10. According to the abovementioned provisions, a third party can participate as a party to the
arbitration proceedings already pending among other subjects in two situations, joinder or
intervention, but subject to a common condition: that it is bound by the same arbitration
agreement binding the original parties to the dispute or that it agrees in writing to such participation.

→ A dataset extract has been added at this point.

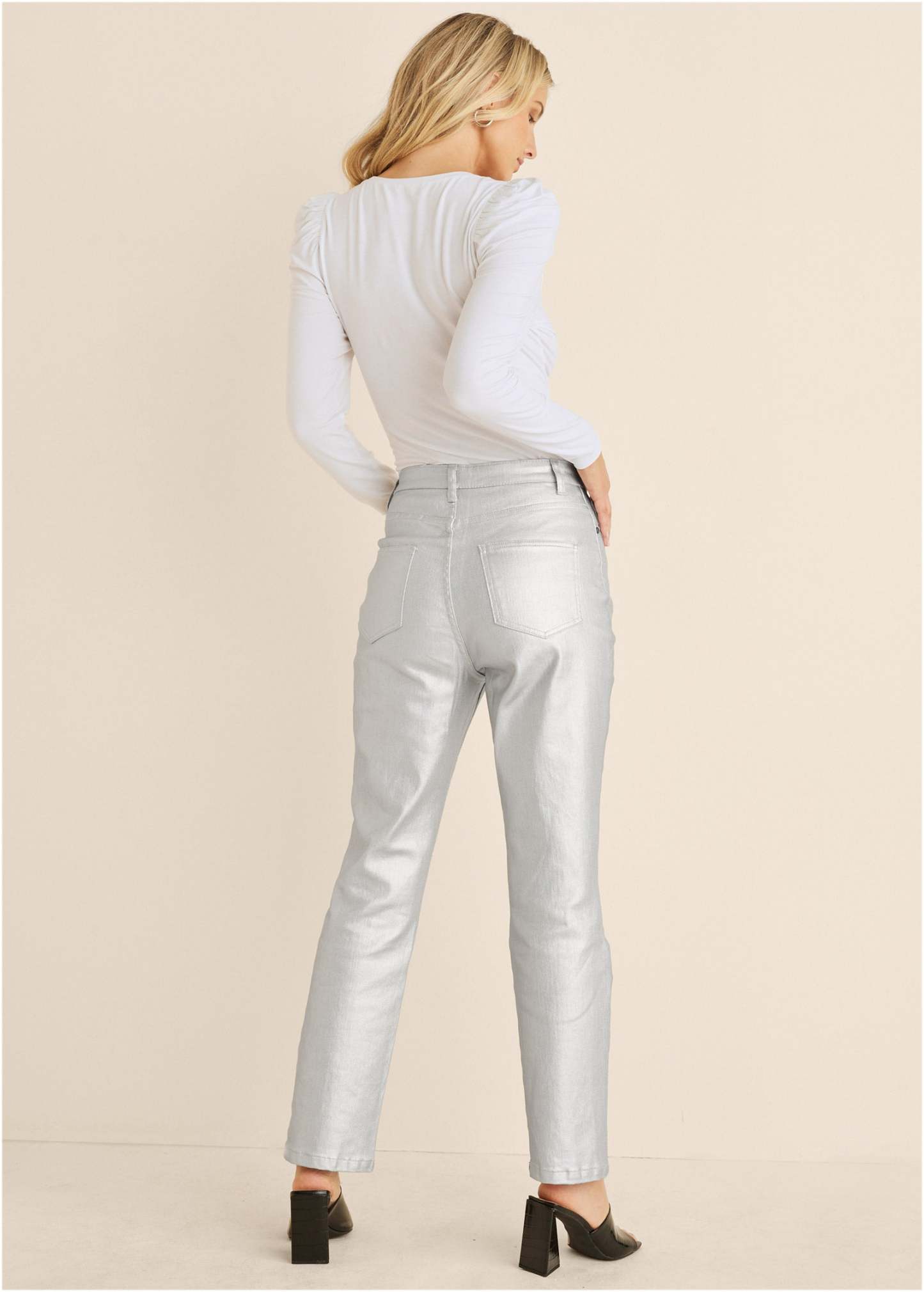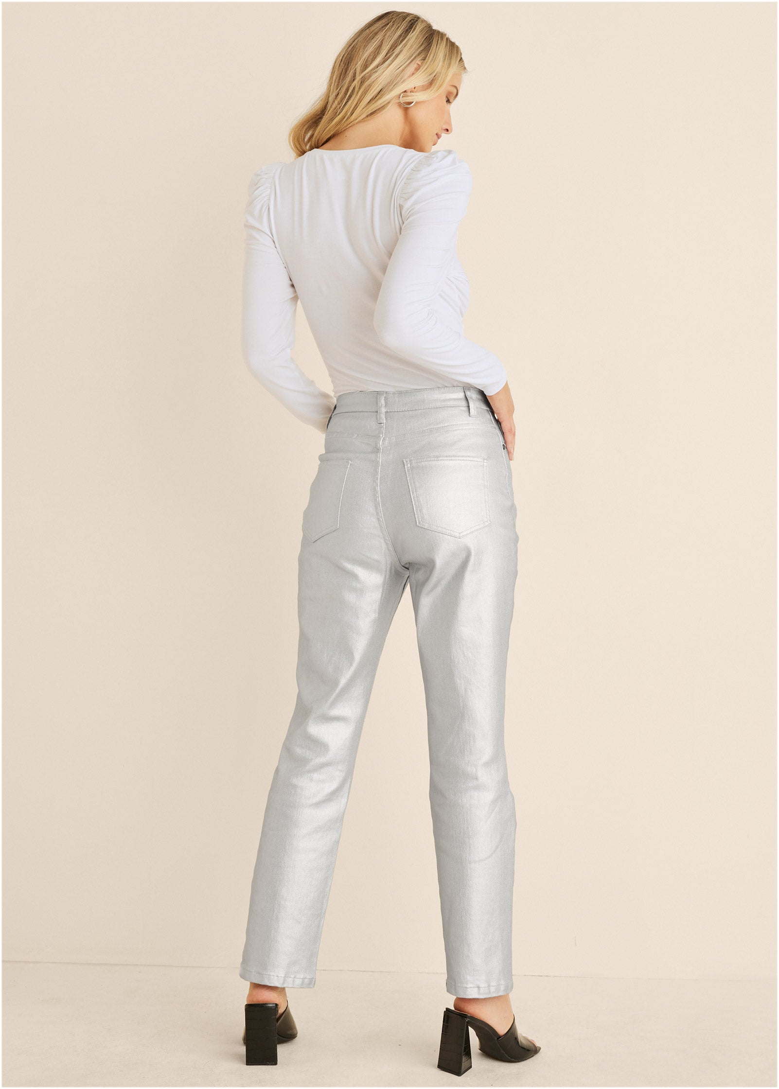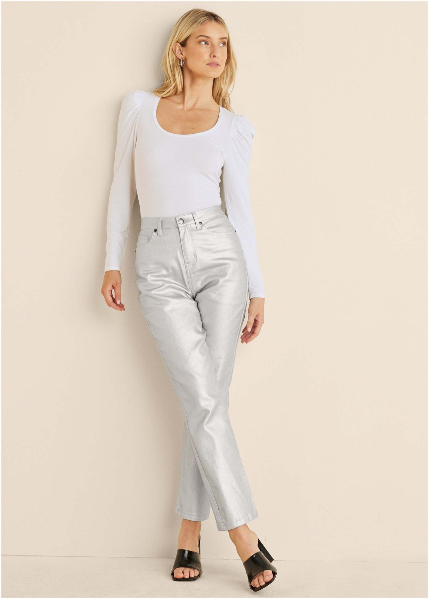Puff Shoulder Long Sleeve Top - White

11. In the present dispute the Panel finds that this common condition is not satisfied. Indeed,
pursuant to Articles 60 and 61 of the FIFA Statutes, CAS jurisdiction derives from the issuance
by FIFA of a decision and is therefore limited to the scope of such decision and to the parties
concerned by the same. The RFEF, in fact, however de facto interested in the outcome of this
appeal, concerning the extension worldwide of effects of a decision adopted by its disciplinary
bodies, was not a party in the FIFA proceedings leading to the Appealed Decision. As a result,
it cannot be compelled to participate in the appeals arbitration concerning the same Appealed
Decision.
12. In addition, the Panel notes that, pursuant to Article R41 para. 2 of the Code, the joinder of a
third party in the proceedings is possible only upon the request of the respondent, and not of
the appellant. The Appellant, in fact, had the possibility to name, in the statement of appeal, a
plurality of respondents, if he wished that the proceedings involve all the parties that he might
think to be interested in their outcome. In this case, therefore, only FIFA, and not the Player,
had the possibility to request that the RFEF be joined in the proceedings: if the Player wanted
the RFEF to participate in this arbitration, he had the burden to name it as a respondent in the
statement of appeal and to indicate the basis for the jurisdiction of the Panel to hear a claim
against RFEF.
13. In light of the foregoing, the Panel confirms that the RFEF cannot be joined as a party in these
arbitration proceedings.
B. The merits of the dispute
14. The dispute to be determined by the Panel follows the adoption of the Appealed Decision,
whereby the review of the sanction adopted on the Player by the RFEF with the RFEF Decision has been denied and the effects of such sanction have been extended to the international level. In other words, and in substance, the dispute concerns the challenge brought by the Appellant against both the sanction adopted by the Spanish football federation, and against the extension worldwide of the effects of the RFEF Decision.
15. The Panel considers that the first question to be determined concerns the challenge brought by
the Player against the denial by FIFA to review the facts and the law applied in the RFEF
Decision. Should, in fact, the Panel come to the conclusion that the FIFA wrongly denied such
review, and that the RFEF had to be set aside, the extension of its effects would automatically
cease to apply.
16. The dispute between the parties, indeed, involves two different issues: first, the existence of the
power of the FIFA to review the sanctions adopted by a national federation in doping matters; second, the very merits of the RFEF Decision, i.e. whether the Player had to be sanctioned by the RFEF for an anti-doping rule violation.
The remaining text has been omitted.